Thank you for your insightful feedback. You are correct that the lack of significant findings in the multivariate analyses after adjusting for confounding factors needs further discussion. The limited number of studies included in the meta-analysis (only two) might be one reason for this inconsistency, as the statistical power is reduced, making it more difficult to detect significant associations when confounding factors are controlled for.
Additionally, it is possible that the impact of niacin intake on glaucoma may be influenced by unmeasured or residual confounders that were not accounted for in the included studies. For instance, factors such as genetic predisposition, lifestyle habits, or other dietary nutrients might interact with niacin intake in ways that influence glaucoma risk but were not fully adjusted for in the multivariate analyses.

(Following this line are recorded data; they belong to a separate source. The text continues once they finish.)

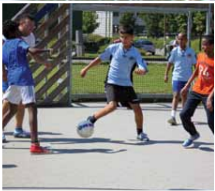
Fodbold turnering – Aktivitetsforeningens Børne- og unge udvalg kom med deres første aktivitet. Vejret var med os, og alle havde tre rigtig gode dage med fodbold vanvid (og vandkamp til sidst). En speciel tak til de frivillige dommere, som var med.
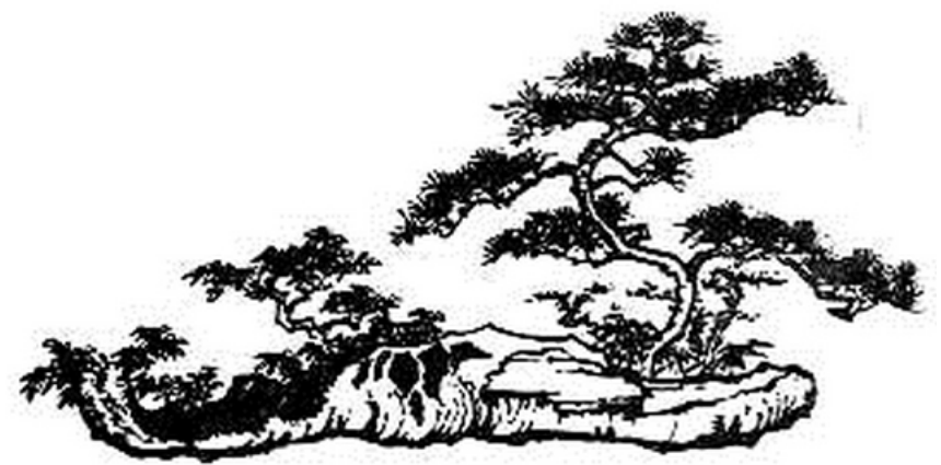
钟乳石 黑松 (早盆)
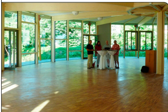
Gemeindesaal im Endzustand

Rund um das ehemalige Pfarrhaus hinter der Friedenskirche entstand das Evangelische Gemeindezentrum Remagen. Als halbrunder Anbau verdoppelt der Gemeindesaal das Raumangebot des Zentrums. Auf einer Fläche von rund 700 m 2 bietet das Haus u.a. Räume für die Jugendarbeit, die Gemeindebücherei, den Eine-Welt-Laden und für Diensträume.
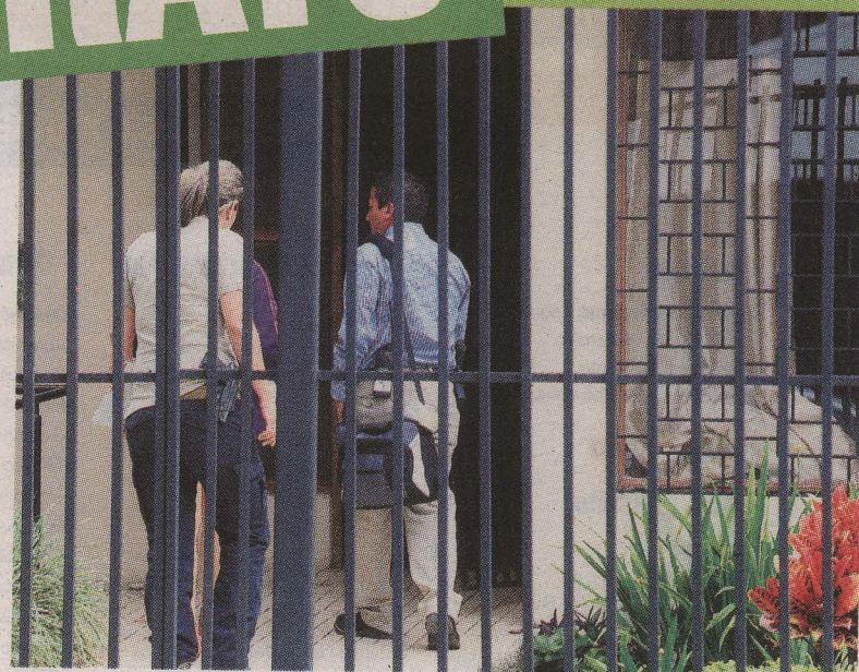
Agentes del OIJ revisaron ayer el lugar toda la mañana.

Con antecedentes. La vocera del OIJ además confirmó que el sospechoso presenta una denuncia en su contra por agredir con un cuchillo a la compañera sentimental.
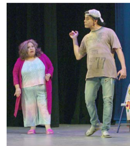
El taller se brinda los sábados.

"El amor al teatro es una pasión, una vocación. Veo hoy a los integrantes plenos, felices de haber encontrado su tribu, su gente, un grupo de iguales. Aquí tenemos contadores, psicólogos, fotógrafos,
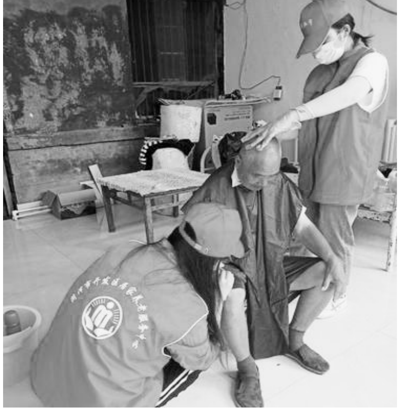
▲日前，市开发区特困分散供养社会化服务启动。居家养老服务中心的工作人员根据照料护理需求，上门为分散供养特困人员提供生活照料、家政服务、康复护理、精神慰藉、紧急救助和安全预警等方面的照料护理服务。“菜单式”的规范化照料服务，确保了分散供养特困人员“安全有人关注、平日有人照应、生病有人看护”。图为工作人员为老人理发、剪指甲。
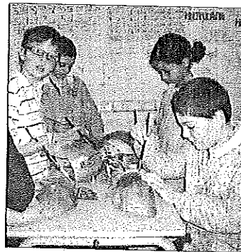
Alunni impegnati nei laboratori

LUGO. È arrivata la sera della "Fera". Nel tardo pomeriggio di oggi, alle 18, all'interno del Pavaglione in primo piano c'è la "Fera de Lugo", ovvero il mercato dei bambini. Si tratta dell'ultimo atto del Progetto scuola "C'era una volta... a spasso per Lugo tra medioevo e rinascimento" promosso dalla Contesa Estense insieme alle associazioni Avis, Aldo, Admo, Gli Amici Del Tondo, Amici Di Lugo Estense, con il coordinamento tecnico e pedagogico dell'Associazione Miele (Multidisciplinarietà interattiva e laboratori educativi), e con il supporto tecnico di "Per gli altri", Csv di Ravenna, in stretta collaborazione con le scuole. Un appuntamento di rilievo nella rassegna Contesa Estense, un mercato medioevale di piccoli mercanti ed artisti, che coinvolge 28 classi delle scuole primarie di Lugo: Codazzi, Garibaldi, San Giuseppe, Sacro Cuore per un totale di 600 bambini. Hanno partecipato ai laboratori pratici e storico geografici, mirati a creare un legame diretto, vissuto e personale con la storia, attraverso un viaggio immaginario nel '400 e '500, ed in particolare al tempo della dominazione estense a Lugo. Un'opportunità per ogni alunno che lo porterà a scoprire e conoscere i momenti di vita quotidiana, le arti, gli usi, i miti ed i protagonisti di quel periodo. Dunque centinaia di alunni saranno partecipi oggi
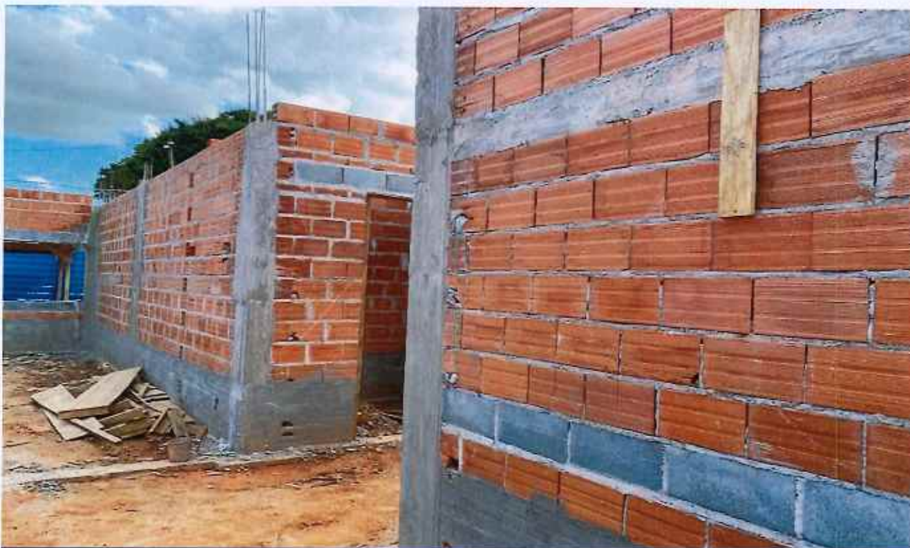
04/02/2026 - Desforma de pilar

The heterogeneity between the studies in terms of population characteristics or study design might also have contributed to the inconsistent findings. Further research involving larger sample sizes, more diverse populations, and comprehensive adjustments for potential confounders will be needed to clarify these associations.
We will add a discussion of these potential reasons in the manuscript to address this important point and underscore the need for further investigation.
- 19. Although the results state that "no heterogeneity was observed" in certain analyses, there is no exploration of why heterogeneity might have been low or what factors could have introduced variability. A brief discussion of study populations, methodologies, or study designs would add depth to this analysis.
Thank you for your valuable feedback. You are correct that while no heterogeneity was observed in certain analyses, it would be helpful to explore why heterogeneity might have been low and to consider factors that could have introduced variability.
In the current meta-analysis, the low heterogeneity observed could be attributed to the relatively similar characteristics of the study populations and methodologies used in the two included studies. Both studies evaluated the association between niacin intake and glaucoma using retinal imaging as the diagnostic tool, which provides a standardized approach to diagnosis and reduces variability in measurement techniques. Additionally, both studies were conducted in similar settings with comparable population demographics, such as age ranges and geographical regions (USA for both studies), which may further explain the lack of heterogeneity.
We hope that these revisions are sufficient to make our manuscript suitable for publication in the NUTRIENTS Journal. We are looking forward to hearing from you at your earliest convenience.
Sincerely,
Maria Marinescu MD
20 Oct 2024
Author Response File: Author Response.pdf
Round 2
Reviewer 2 Report
Comments and Suggestions for AuthorsNothing to add. The authors well replied to my previous comments.